Gold breaks a new price record for the first time in its history, surpassing $5,500 per ounce.
Global markets have witnessed a series of successive increases since the beginning of this year for both metals (gold and silver), largely due to the decline in the value of the US dollar, with analysts increasingly questioning the long-term role of the US dollar as the world’s primary reserve currency. The price of silver surpassed $115 per ounce, while gold was traded at around $5,500 per ounce, marking a historic rise for the precious metal amid markets struggling with increasing geopolitical uncertainty and economic volatility resulting from the US president’s policies, in addition to doubts about the sustainability of US debt and rising geopolitical tensions worldwide, such as the imposition of new US tariffs which first appeared in April 2025, when Trump implemented aggressive global tariffs aimed at reducing the US trade deficit, along with attempts to assert harsh American dominance evident in US actions in South America and attempts to acquire Greenland from Denmark.

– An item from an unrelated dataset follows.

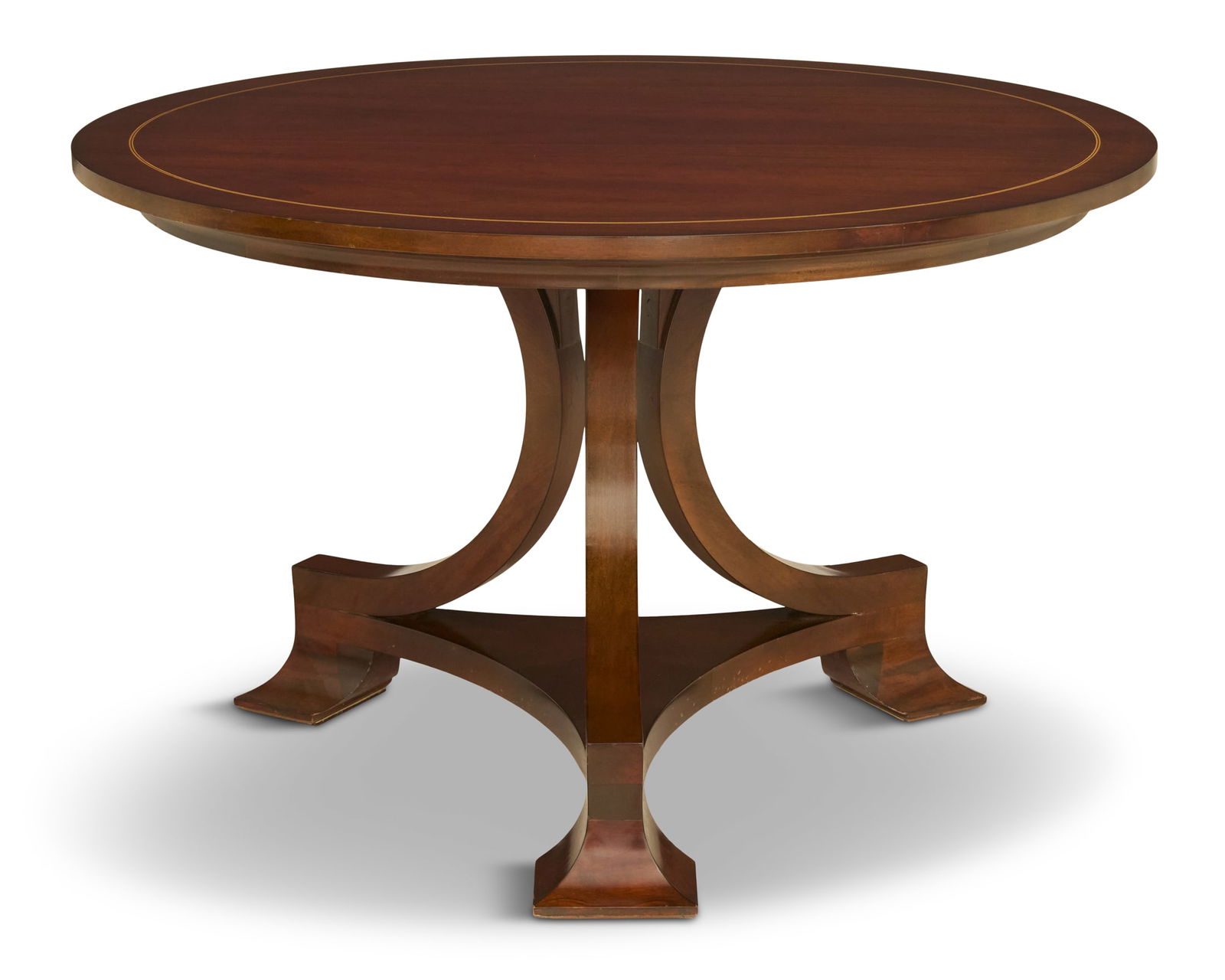 SoldCabinet-made Regency style mahogany center tableMcLean-Wiesand, Baltimore, 20th century; 47 3/4 in. Diam., round top with gold banding, pyramidal standard on shaped platform base, 30 1/2 in. H.See Sold Price

In addition to pressuring the Federal Reserve’s independence and interfering in its monetary policies, and the threat of replacing its chairman in line with Trump’s vision of lowering interest rates, which will provide significant support for rising gold prices in global markets. We are witnessing global markets accelerating the abandonment of the dollar and the shift towards precious metals as a result of the mentioned reasons, which have caused gold prices to rise by 24.5% so far this month. Gold and silver prices remain strongly supported towards an upward movement despite appearing inflated at record levels, and the continued weakness of the US dollar — which the US president supports and considers suitable for the current economic conditions of his country — reinforces a broader shift in investors’ sentiment towards tangible assets.